O movimento foi capitaneado pelo Movimento Verde Amarelo, torcida oficial da seleção. A organização já havia anunciado a ação antes do jogo, com o objetivo de ampliar a presença da torcida nas arquibancadas. Não foram divulgados números oficiais pelas autoridades nem pelos organizadores.

Apesar da mobilização, o repertório apresentado pelos torcedores ficou preso a poucas músicas, em especial aquelas que lembram títulos passados, com referências a Pelé, Romário, Ronaldo e Neymar. O conjunto musical repetiu trilhas históricas e provocações a rivais.
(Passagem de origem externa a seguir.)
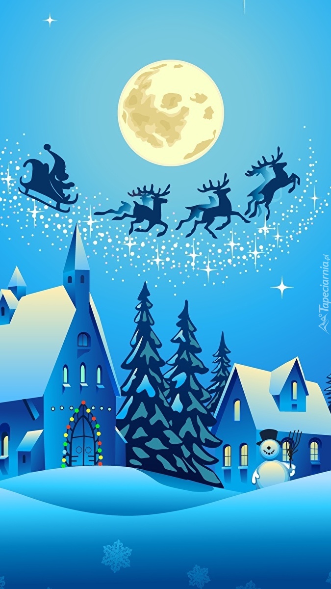 Edytor tapety: Zaprzęg Mikołaja przelatuje nad miastem nocą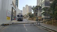 부산서 25톤 카고트럭 후진하다 전신주 2개 충격…인명피해 없어

O grupo manteve concentração na região da Prefeitura de Nova York, em City Hall Park, antes de atravessar a passarela que liga à Ponte do Brooklyn. A travessia teve 1,8 km e contou com policiamento local, além de impacto no trânsito da área, com motoristas reduzindo a velocidade para registrar o momento.

Entre os participantes, estavam torcedores que chegaram por volta das 14h (horário local), próximo ao início da concentração oficial para a travessia. A entrada no trajeto contou com o apoio de seguranças municipais, assegurando a passagem pela área de pedestres.

A manifestação também serviu para marcar a presença da torcida brasileira em um dos pontos turísticos mais conhecidos de Nova York. Ao fim da travessia, a torcida indicou que continuará mobilizada, com ações programadas em Filadélfia, próxima parada da seleção na agenda de jogos.

Durante o trajeto, houve momentos de dispersão entre quem carregava instrumentos e quem apenas apreciava a paisagem da ponte. Em alguns trechos prevaleceu o silêncio, em contraste com os cânticos e santinhos entoados anteriormente.

A equipe brasileira segue a rota prevista pela próxima partida, marcada para sexta-feira (19), contra o Haiti, no Lincoln Financial Field, na Philadelphia. A organização pretende manter a presença da torcida, mesmo com o desempenho da equipe na estreia dividido entre empolgação e críticas.